The plot shows orthogonal polynomials, namely the orthogonalizations of the monomials $1, x,\dots,x^5$ over $[-1,1]$. These are the famous Legendre polynomials $P_k$ [Abramowitz & Stegun 1972], except that the latter are conventionally normalized by the condition $P(1) = 1$ rather than by having norm $1$. We can renormalize to impose this condition as follows:

  for j = 1:size(A,2)
    R(j,:) = R(j,:)*Q(1,j);
    Q(:,j) = Q(:,j)/Q(1,j);
  end
  clf, plot(Q), grid on

(A slicker way to produce this plot in Chebfun would be to execute plot(legpoly(0:5)).)

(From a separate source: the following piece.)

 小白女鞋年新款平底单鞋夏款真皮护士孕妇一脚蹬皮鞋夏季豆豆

If $A=QR$, then $A R^{-1} = Q$, and here is $R^{-1}$:

  format short, inv(R), format long

ans =
    1.0000         0   -0.5000   -0.0000    0.3750   -0.0000
         0    1.0000    0.0000   -1.5000    0.0000    1.8750
         0         0    1.5000    0.0000   -3.7500   -0.0000
         0         0         0    2.5000   -0.0000   -8.7500
         0         0         0         0    4.3750    0.0000
         0         0         0         0         0    7.8750

Column $k$ of $R^{-1}$ is the vector of coefficients of the expansion of column $k$ of $Q$ as a linear combination of the columns of $A$, that is, the monomials $1, x, x^2,\dots.$ In other words, column $k$ of $R^{-1}$ is the vector of coefficients of the degree $k$ Legendre polynomial. For example, we see from the matrix that $P_3(x) = 2.5x^3 - 1.5x$.

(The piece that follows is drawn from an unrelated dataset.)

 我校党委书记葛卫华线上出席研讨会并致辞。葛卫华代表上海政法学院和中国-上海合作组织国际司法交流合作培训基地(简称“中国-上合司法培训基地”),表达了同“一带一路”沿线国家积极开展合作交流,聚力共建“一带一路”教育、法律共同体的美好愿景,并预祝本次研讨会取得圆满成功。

Here is what the hat functions look like after orthonormalization:

  [Q2,R2] = qr(A2);
  plot(Q2)
  set(gca,'xtick',-1:.2:1)

6.4 `svd`, `norm`, `cond`

An $m\times n$ matrix $A$ defines a map from $R^n$ to $R^m$, and in particular, $A$ maps the unit ball in $R^n$ to a hyperellipsoid of dimension $\le n$ in $R^m$. The (reduced, skinny, condensed, $\dots$ ) SVD or singular value decomposition exhibits this map by providing a factorization $AV = US$ or equivalently $A = USV^*$, where $U$ is $m\times n$ with orthonormal columns, $S$ is diagonal with nonincreasing nonnegative diagonal entries known as the singular values, and $V$ is $n\times n$ and orthogonal. $A$ maps $v_j$, the $j$ th column of $V$ or the $j$ th right singular vector, to $s_j$ times $u_j$, the $j$ th column of $U$ or the $j$ th left singular vector, which is the vector defining the $j$ th largest semiaxis of the hyperellipsoid. See Chapters 4 and 5 of [Trefethen & Bau 1997].

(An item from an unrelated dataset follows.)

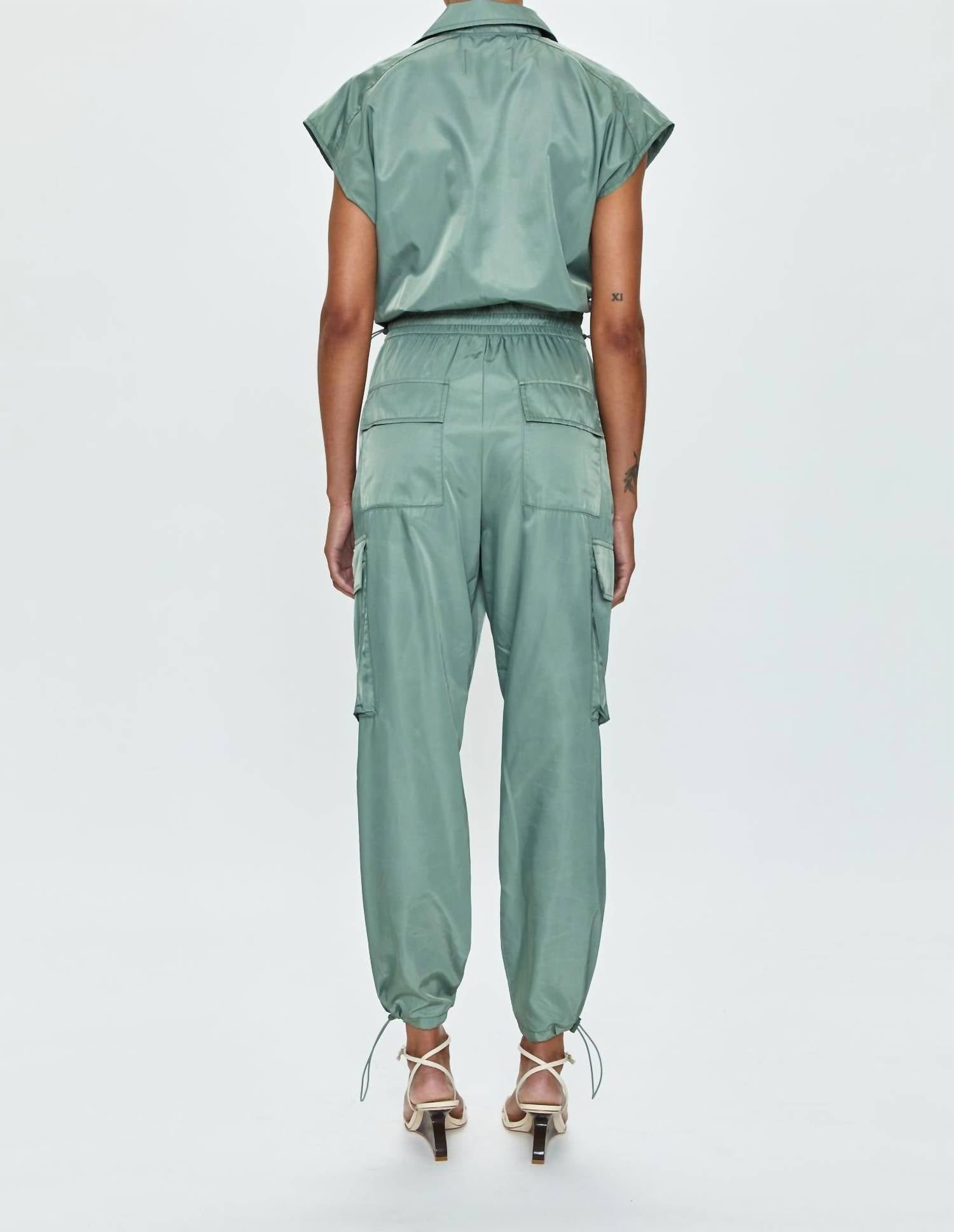 It doesn't take much for this one piece to look effortlessly cool. Add some statement jewelry to dress it up, or throw on some sneakers for a more casual vibe. Elevate your spring wardrobe with the Jade Cargo Lightweight Jumpsuit by PISTOLA, designed for both style and practicality. This women’s jumpsuit features a solid pattern and relaxed fit, crafted primarily from lightweight 100% nylon with a hint of shine for a dressy appeal, while incorporating practical cargo pockets. It includes a button closure and ankle toggle for adjustable leg style, offering versatility between a jogger or straight leg fit. Imported with a 12" rise, 30" inseam, and 16.5" leg opening, this piece best fits a workwear trend, making it an ideal choice for engagement events. Model is 5'9" wearing size small.

If $A$ is an $\infty \times n$ quasimatrix, everything is analogous: $$ A = USV^T, \qquad A: \infty \times n,~~ U: \infty \times n, ~~ S: n \times n, ~~ V: n \times n. $$ The image of the unit ball in $R^n$ under $A$ is still a hyperellipsoid of dimension $\le n$, which now lies within an infinite-dimensional function space. The columns of $U$ are orthonormal functions and $S$ and $V$ have the same properties as in the matrix case.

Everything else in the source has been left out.